▸ **Exercise prompt**: Output the line that contains "이 사건의 원고는 피고에게" together with each line after it, through the final line of the listing below, word for word; omit pictures.

══ Source material ══

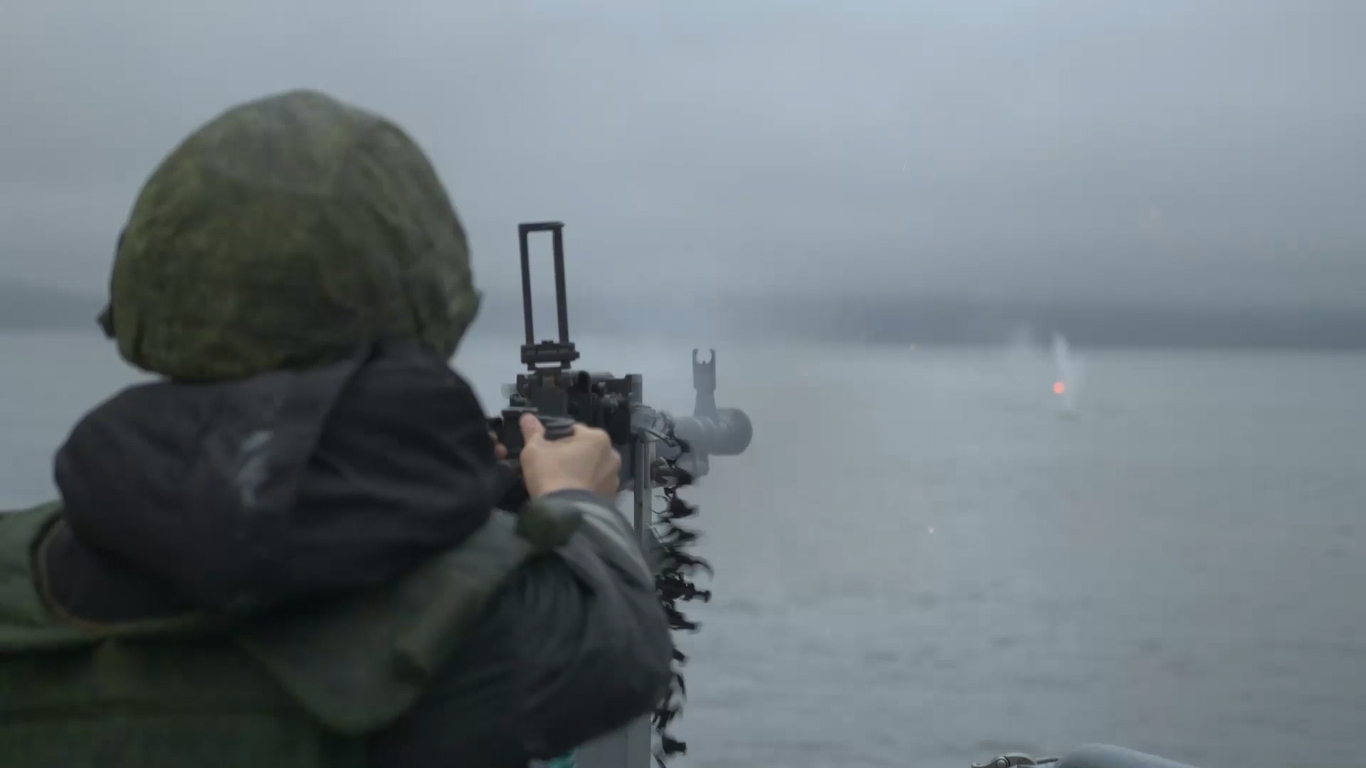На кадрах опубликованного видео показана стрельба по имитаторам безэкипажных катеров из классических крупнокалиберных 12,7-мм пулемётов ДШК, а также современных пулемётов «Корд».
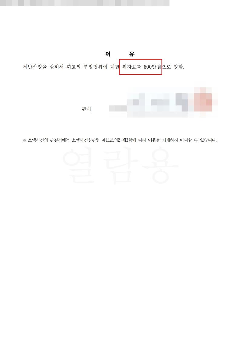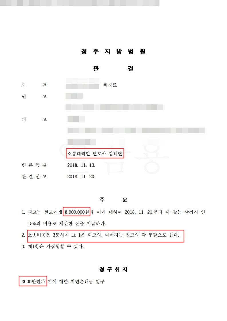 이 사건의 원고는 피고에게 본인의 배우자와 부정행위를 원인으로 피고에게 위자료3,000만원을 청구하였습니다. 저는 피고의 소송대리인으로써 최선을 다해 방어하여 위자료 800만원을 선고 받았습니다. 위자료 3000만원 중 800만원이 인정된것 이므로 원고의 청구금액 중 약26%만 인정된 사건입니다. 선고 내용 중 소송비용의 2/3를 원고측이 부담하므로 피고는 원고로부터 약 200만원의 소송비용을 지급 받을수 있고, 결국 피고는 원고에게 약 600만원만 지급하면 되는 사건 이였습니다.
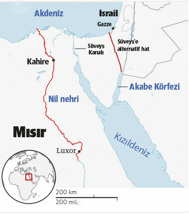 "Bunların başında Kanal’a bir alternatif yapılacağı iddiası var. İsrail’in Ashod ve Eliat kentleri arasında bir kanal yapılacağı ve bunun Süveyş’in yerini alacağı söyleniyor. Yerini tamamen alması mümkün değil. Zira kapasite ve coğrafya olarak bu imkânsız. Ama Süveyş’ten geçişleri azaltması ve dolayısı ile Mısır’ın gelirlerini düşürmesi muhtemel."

═══

▸ **Answer space**:
 이 사건의 원고는 피고에게 본인의 배우자와 부정행위를 원인으로 피고에게 위자료3,000만원을 청구하였습니다. 저는 피고의 소송대리인으로써 최선을 다해 방어하여 위자료 800만원을 선고 받았습니다. 위자료 3000만원 중 800만원이 인정된것 이므로 원고의 청구금액 중 약26%만 인정된 사건입니다. 선고 내용 중 소송비용의 2/3를 원고측이 부담하므로 피고는 원고로부터 약 200만원의 소송비용을 지급 받을수 있고, 결국 피고는 원고에게 약 600만원만 지급하면 되는 사건 이였습니다.
 "Bunların başında Kanal’a bir alternatif yapılacağı iddiası var. İsrail’in Ashod ve Eliat kentleri arasında bir kanal yapılacağı ve bunun Süveyş’in yerini alacağı söyleniyor. Yerini tamamen alması mümkün değil. Zira kapasite ve coğrafya olarak bu imkânsız. Ama Süveyş’ten geçişleri azaltması ve dolayısı ile Mısır’ın gelirlerini düşürmesi muhtemel."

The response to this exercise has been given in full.